第28話

 柴田先輩の言ったとおりのところに化学室はあって、私は授業開始の三分前にそこにたどり着いていた。朝のホームルームにいなかった私を、よーちゃんは大歓迎にも、入り口で待っていてくれた。とても素直に嬉しいと思ってる自分に、自分で勝手にすごく驚く。驚いた、ほんと。


「おはよう、葉月ちゃん。今教室に戻ろうかと思ってたとこ。良かった。お休みかとも思っちゃった。


 朝っぱらから私のことをいろいろ考えてくれたと思うと、申し訳ないような気もしてしまう。その間私のしていたことと言えば、朝ごはんなわけだから。ホームルームに出なかったこと自体は特にどうということはないからと言うようなよーちゃんの話を聞きながら化学室に入っていくと、同時に奥のドアを開いて先生が登場した。

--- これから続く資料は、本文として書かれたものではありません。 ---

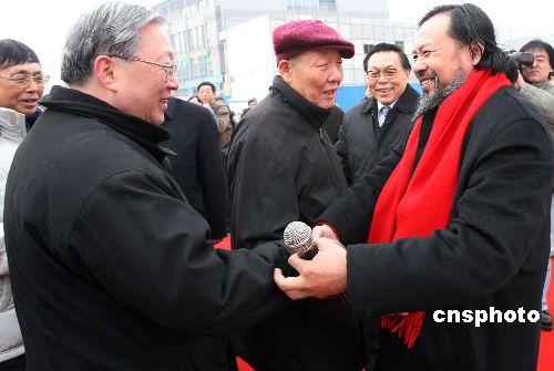 圖為全國人大副委員長、中國科學(xué)院院長路甬祥與雕塑藝術(shù)家遙遠(yuǎn)雕塑(右)先生握手表示祝賀。

 とにかくとにかくと座らされた私の横には、さえこちゃんの姿。まだ先生におじぎもしていないのに、すでに居眠りしているところがなんとも。


 私はかばんから教科書を取り出すと、腰に手を当てて背筋を伸ばしてみた。伸びることにもほっとする。息をするのがずっと楽になってる。今までは違う感じだった。こんな風になれるんだって、不思議な気がした。



「はーづきちゃーん」


「はーい」


「ゴミ捨ててくる。そこで待ってて」


「一緒に行く?」


「だいじょーぶ。でも、待っててね」


――放課後になっていた。無事に。今は確かに放課後で、私は裏庭の掃除なんてしてる。掃除当番だからだ。


 今私に手を振ってゴミ箱を提げて行ったのは、私の前の席の坂本三恵ちゃん。当番は一列ずつずれていって、教室と気を宇出津前の廊下のほかに、クラスごとの担当区域をぐるぐるしているらしい。だけど裏庭なんて誰が汚すものでもないんだから二人で充分ってことで、前から順番に二人ずつ当番、にしている、とか。それで人数が足りなくなったら、じゃんけん勝ち抜き。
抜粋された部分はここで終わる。